Indeed, proponents of net neutrality don’t argue the central point about price hikes hitting the poor and underserved the worst. Instead, they try to dress up their argument for net neutrality with rhetoric about unspecified doom for everyone sometime in the future.

It’s a reach. Or as the old Spanish proverb puts it, “Aunque la mona se vista de seda, mona se queda.

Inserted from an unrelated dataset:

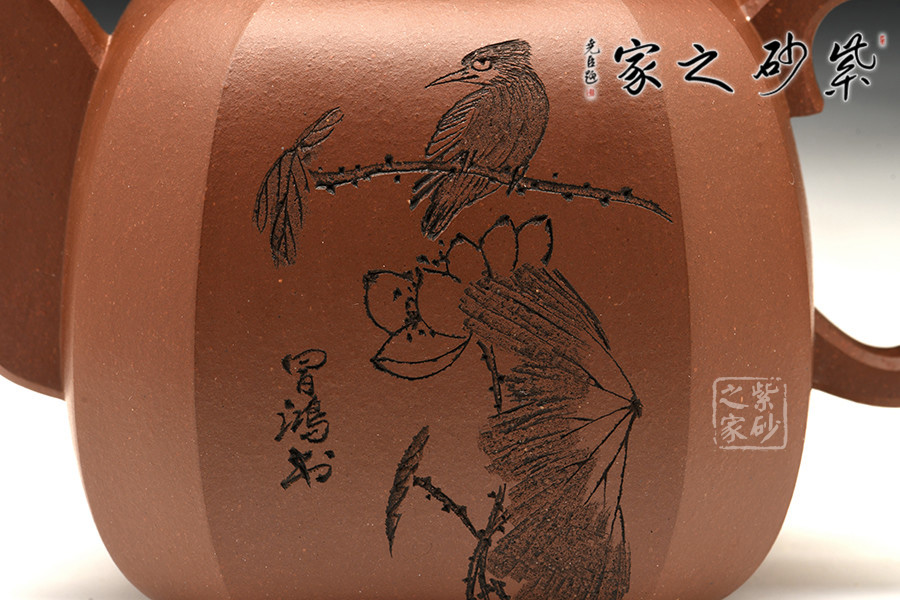 李昌鴻大師于壺身之上刻山水詩詞,表明對(duì)高徒楊瑤芬壺藝的認(rèn)可,同時(shí)“壺隨字貴”,也增加了此壺的收藏價(jià)值。

With Memorial Day weekend upon us, countless Americans are finalizing plans for the long weekend and are looking for that one essential of all travel: the perfect reading material. Well, we here at the Hands Off the Internet blog are here to help you out. Allow us to recommend the newest report from the Small Business & Enterprise Council’s 21st Century Small Business Policy Series, titled Telecommunications Policy Choices & Entrepreneurs. Don’t let the title deceive you – this paper is a page-turner, particularly the section dealing with so-called net neutrality and its potential effect on consumers and small business. The bottom line? According to the SBEC,

“The decade-long run on a pro-investment policy with respect to telecommunications and the Internet has created historical and positive changes, as well as unlimited opportunities for entrepreneurship and wealth creation. Now is not the time to be ratcheting up regulation or regulatory uncertainty when untold billions in new investment dollars will be needed to increase broadband capacity, modernize and upgrade the infrastructure of the Internet and incentivize entrepreneurs to develop more innovations that awe and serve consumers.”

We couldn’t agree more, and that was just two sentences. So save yourself the drudgery of plane rides and lounging on the beach by picking up your own copy [PDF]. We promise you’ll thank us for it later.